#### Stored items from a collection
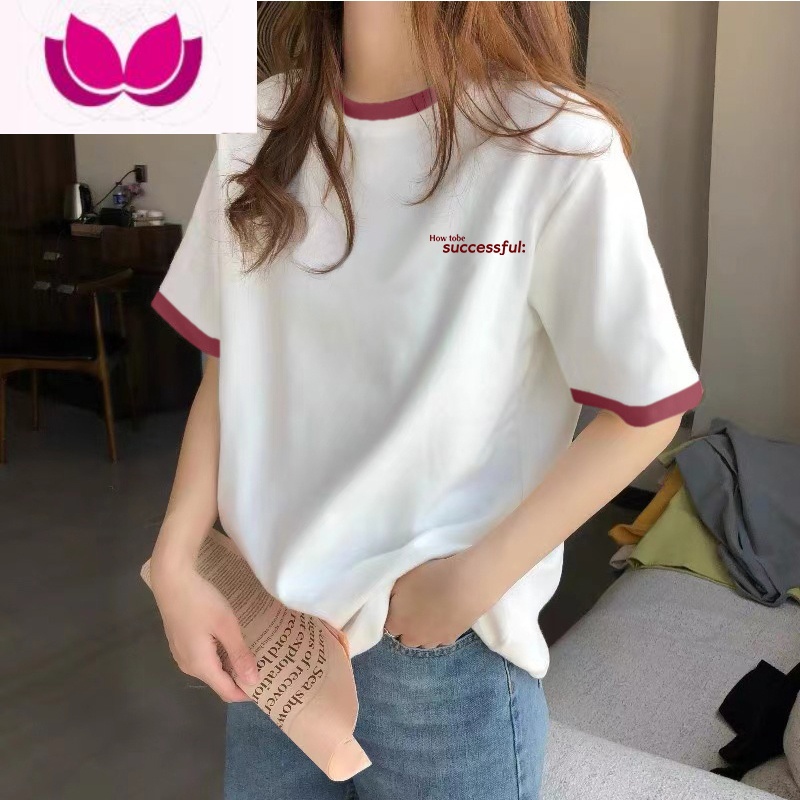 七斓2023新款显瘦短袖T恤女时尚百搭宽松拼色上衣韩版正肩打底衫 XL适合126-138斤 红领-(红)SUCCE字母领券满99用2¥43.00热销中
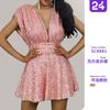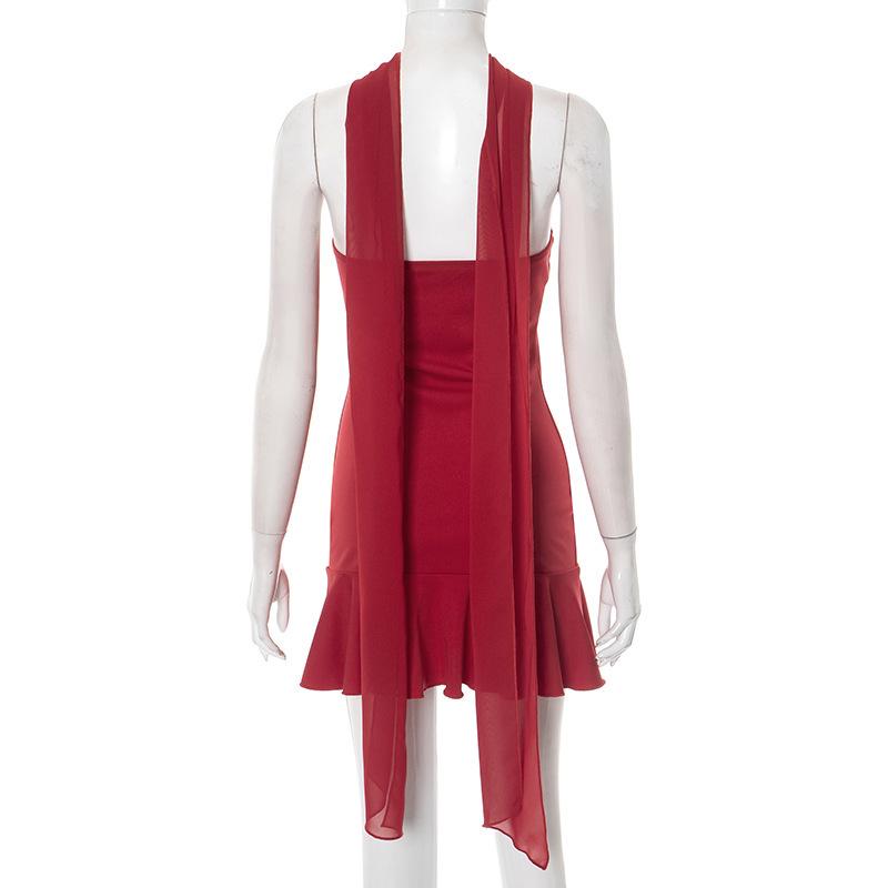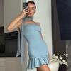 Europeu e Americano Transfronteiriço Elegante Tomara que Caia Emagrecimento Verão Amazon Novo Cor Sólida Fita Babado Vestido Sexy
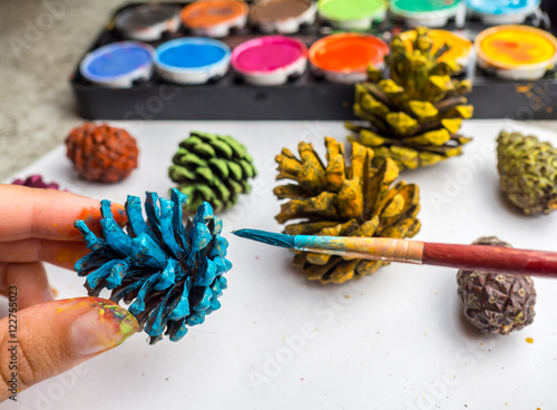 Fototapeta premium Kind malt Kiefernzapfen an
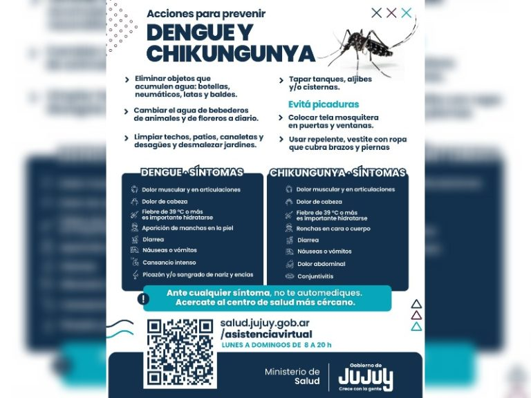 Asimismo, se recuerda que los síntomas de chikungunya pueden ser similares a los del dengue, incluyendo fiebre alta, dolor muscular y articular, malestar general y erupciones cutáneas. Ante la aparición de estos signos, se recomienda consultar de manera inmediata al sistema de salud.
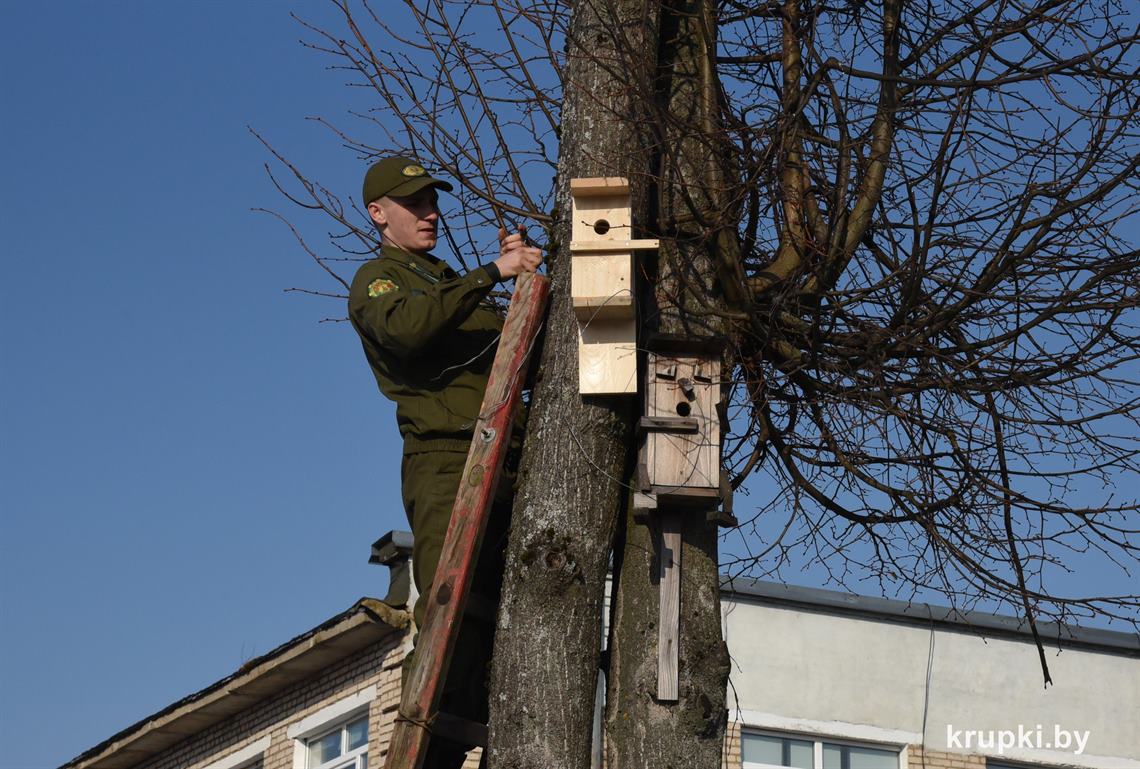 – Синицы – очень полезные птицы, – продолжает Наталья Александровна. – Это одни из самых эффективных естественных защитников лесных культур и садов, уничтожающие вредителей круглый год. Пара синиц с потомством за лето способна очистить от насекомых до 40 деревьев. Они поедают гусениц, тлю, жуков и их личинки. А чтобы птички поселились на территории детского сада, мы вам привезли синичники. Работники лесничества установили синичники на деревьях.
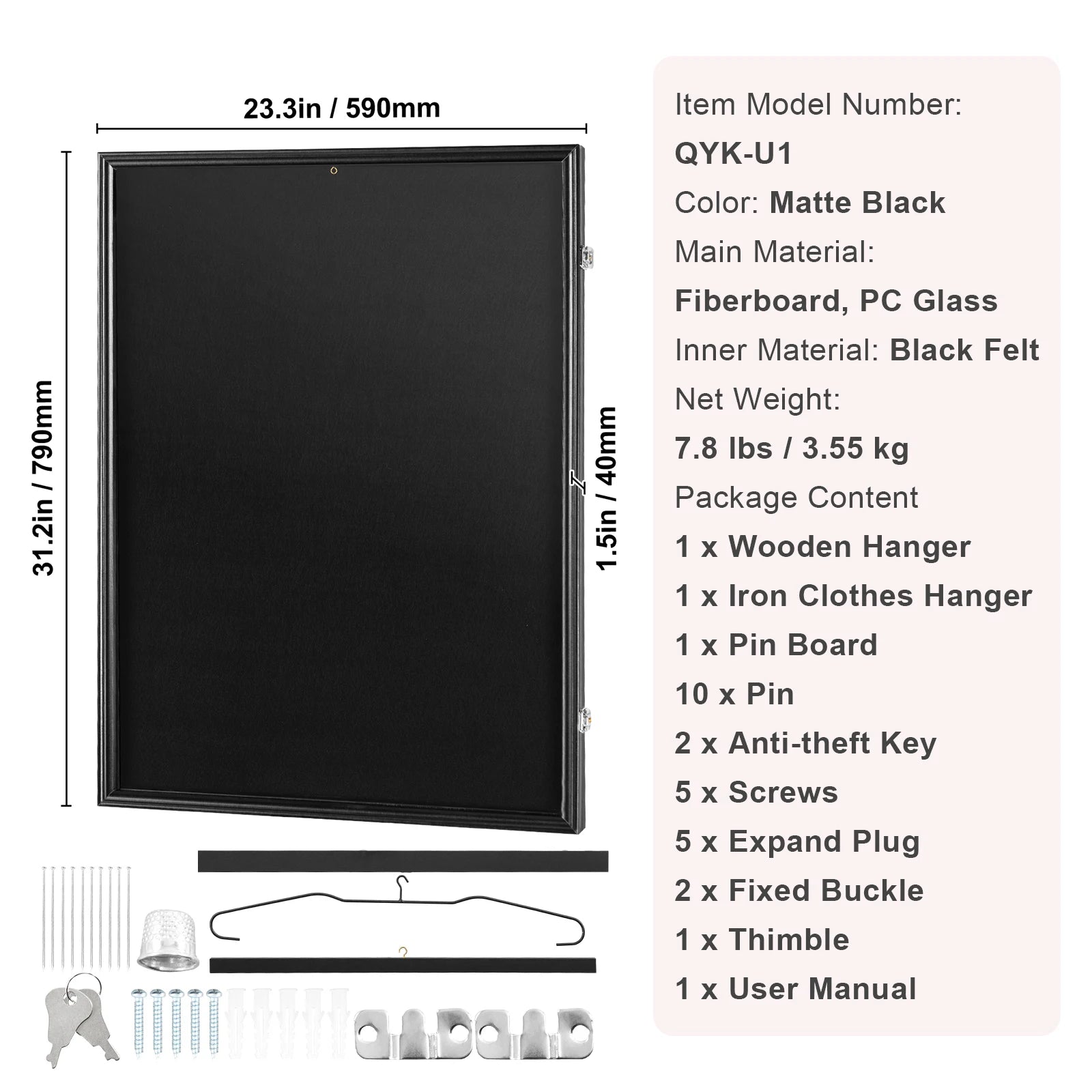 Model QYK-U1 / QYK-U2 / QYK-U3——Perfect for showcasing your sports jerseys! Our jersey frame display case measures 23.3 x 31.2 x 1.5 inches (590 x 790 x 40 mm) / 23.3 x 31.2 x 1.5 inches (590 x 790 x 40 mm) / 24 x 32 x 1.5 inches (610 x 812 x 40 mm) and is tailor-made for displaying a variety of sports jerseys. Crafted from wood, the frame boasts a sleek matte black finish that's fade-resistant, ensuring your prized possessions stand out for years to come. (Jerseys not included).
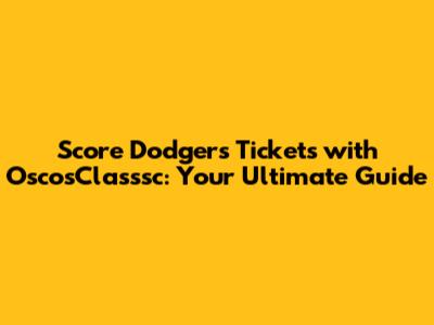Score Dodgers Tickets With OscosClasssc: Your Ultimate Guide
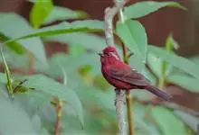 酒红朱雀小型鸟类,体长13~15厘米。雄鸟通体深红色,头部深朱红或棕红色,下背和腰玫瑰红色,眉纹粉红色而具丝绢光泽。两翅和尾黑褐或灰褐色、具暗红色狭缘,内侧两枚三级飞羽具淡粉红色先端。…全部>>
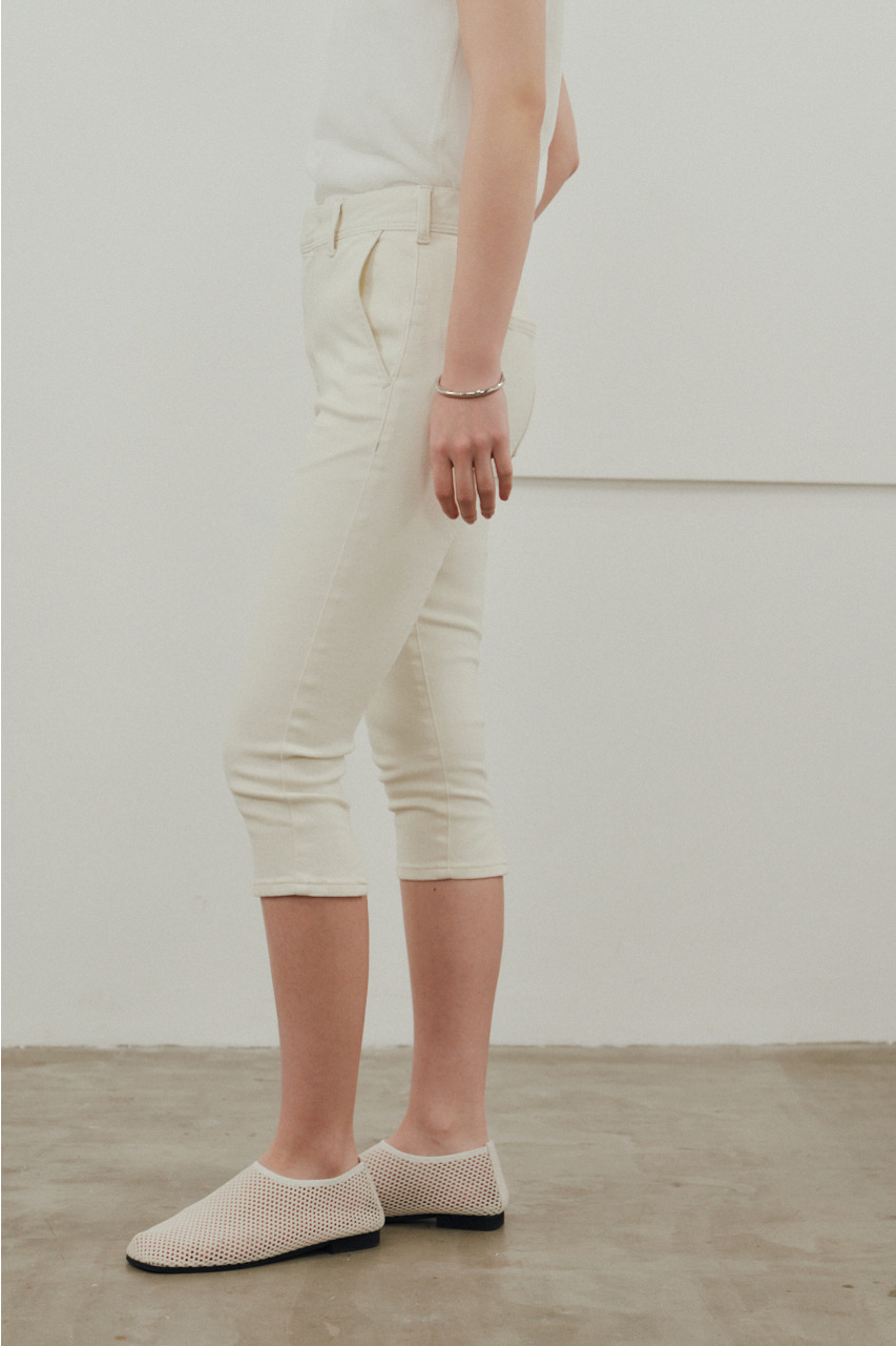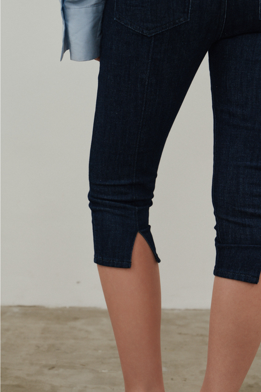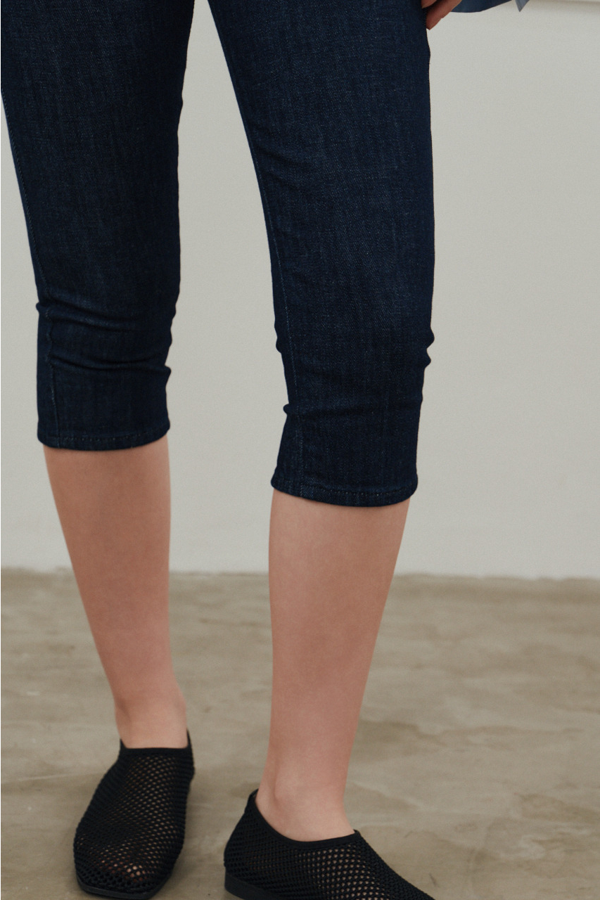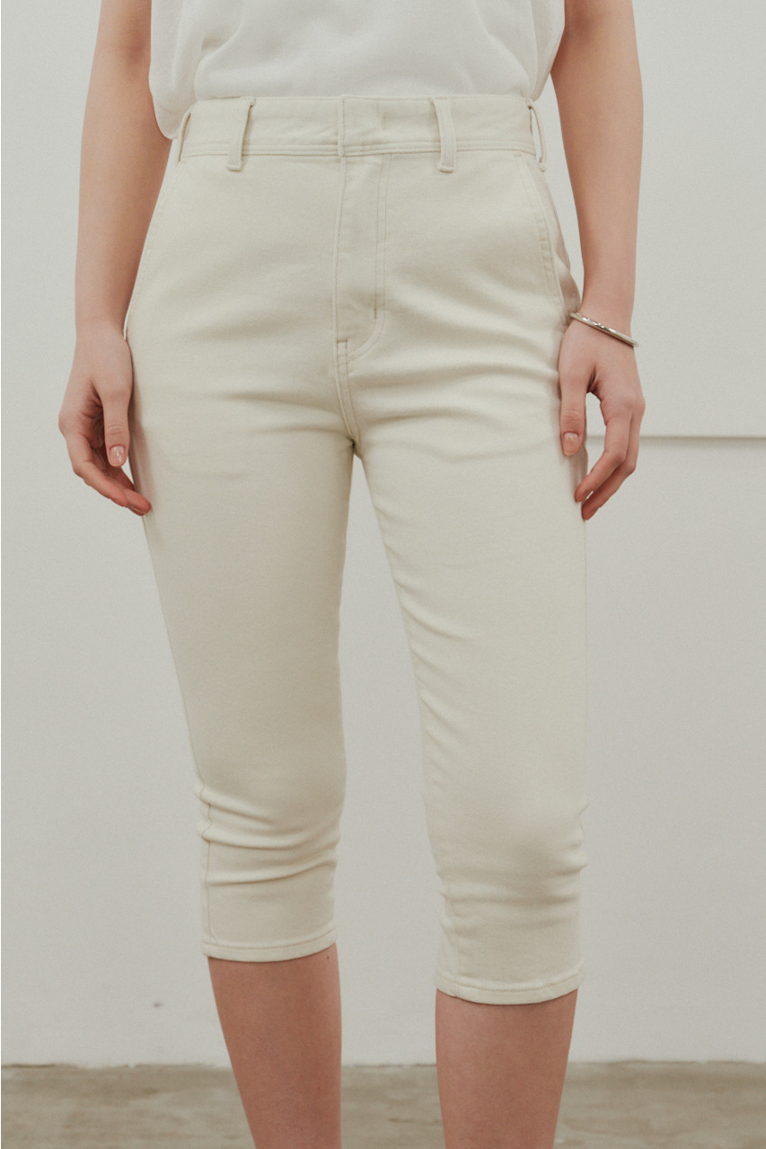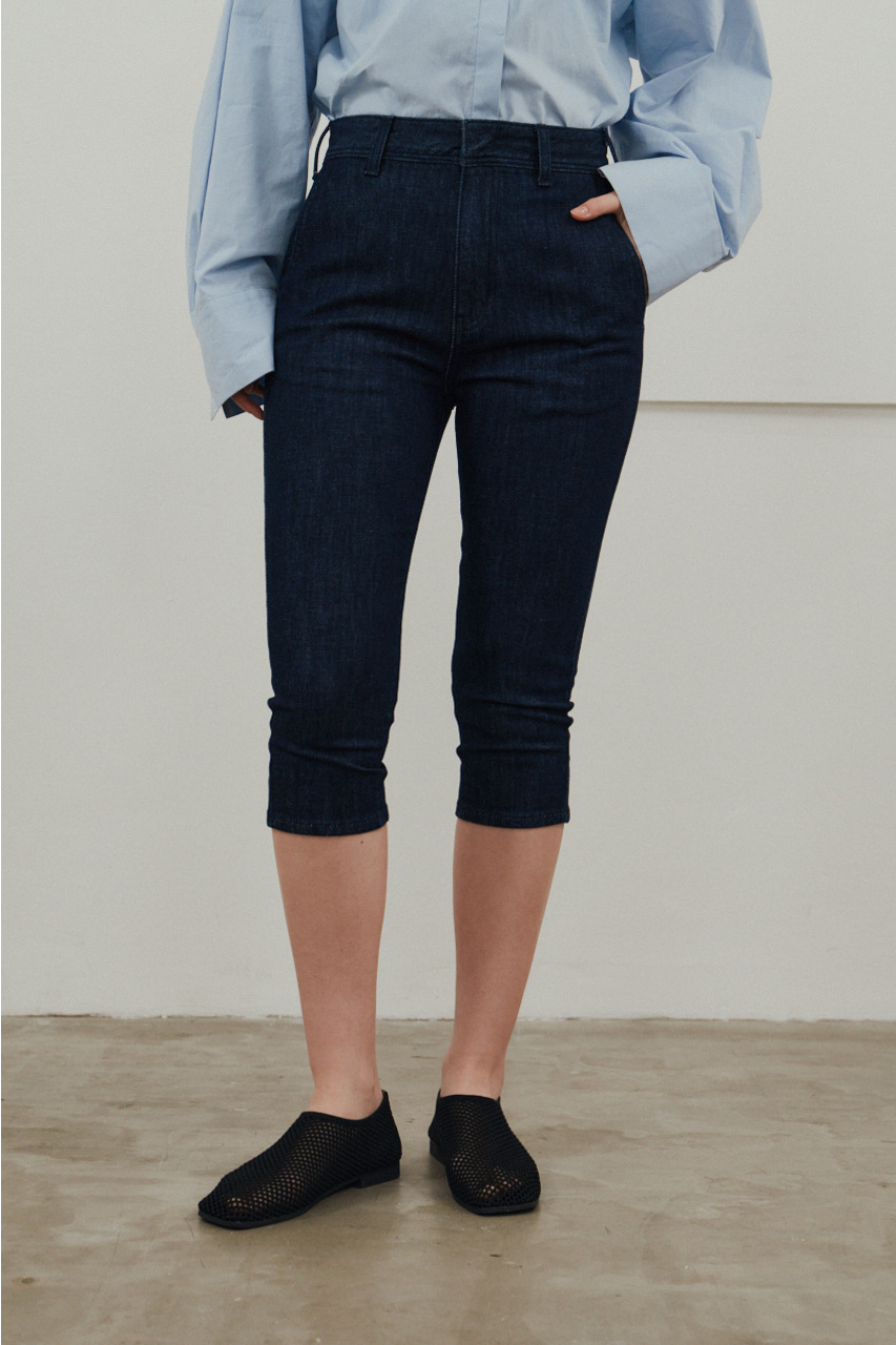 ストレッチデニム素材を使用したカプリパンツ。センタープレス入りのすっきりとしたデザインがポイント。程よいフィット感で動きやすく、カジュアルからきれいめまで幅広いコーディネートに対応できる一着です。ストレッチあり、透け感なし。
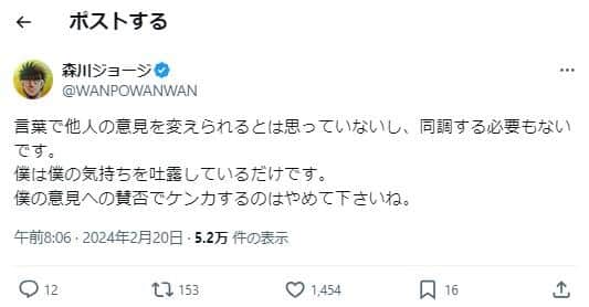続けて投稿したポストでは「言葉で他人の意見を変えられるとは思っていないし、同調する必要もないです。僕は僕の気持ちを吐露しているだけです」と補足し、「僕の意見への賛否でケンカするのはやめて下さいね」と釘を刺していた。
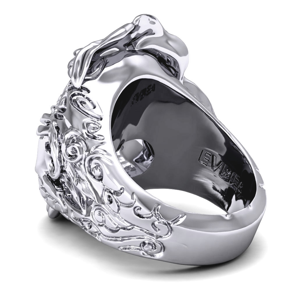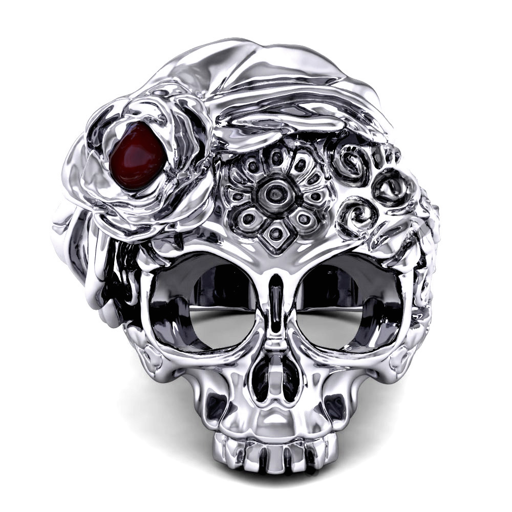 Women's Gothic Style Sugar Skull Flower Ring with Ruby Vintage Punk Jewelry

#### AIM OF THE TASK
Your task is to reproduce exactly the lines from the start of the data above through the line containing "синичники на деревьях.", leaving every picture out.

#### TASK RESPONSE
 七斓2023新款显瘦短袖T恤女时尚百搭宽松拼色上衣韩版正肩打底衫 XL适合126-138斤 红领-(红)SUCCE字母领券满99用2¥43.00热销中
 Europeu e Americano Transfronteiriço Elegante Tomara que Caia Emagrecimento Verão Amazon Novo Cor Sólida Fita Babado Vestido Sexy
 Fototapeta premium Kind malt Kiefernzapfen an
 Asimismo, se recuerda que los síntomas de chikungunya pueden ser similares a los del dengue, incluyendo fiebre alta, dolor muscular y articular, malestar general y erupciones cutáneas. Ante la aparición de estos signos, se recomienda consultar de manera inmediata al sistema de salud.
 – Синицы – очень полезные птицы, – продолжает Наталья Александровна. – Это одни из самых эффективных естественных защитников лесных культур и садов, уничтожающие вредителей круглый год. Пара синиц с потомством за лето способна очистить от насекомых до 40 деревьев. Они поедают гусениц, тлю, жуков и их личинки. А чтобы птички поселились на территории детского сада, мы вам привезли синичники. Работники лесничества установили синичники на деревьях.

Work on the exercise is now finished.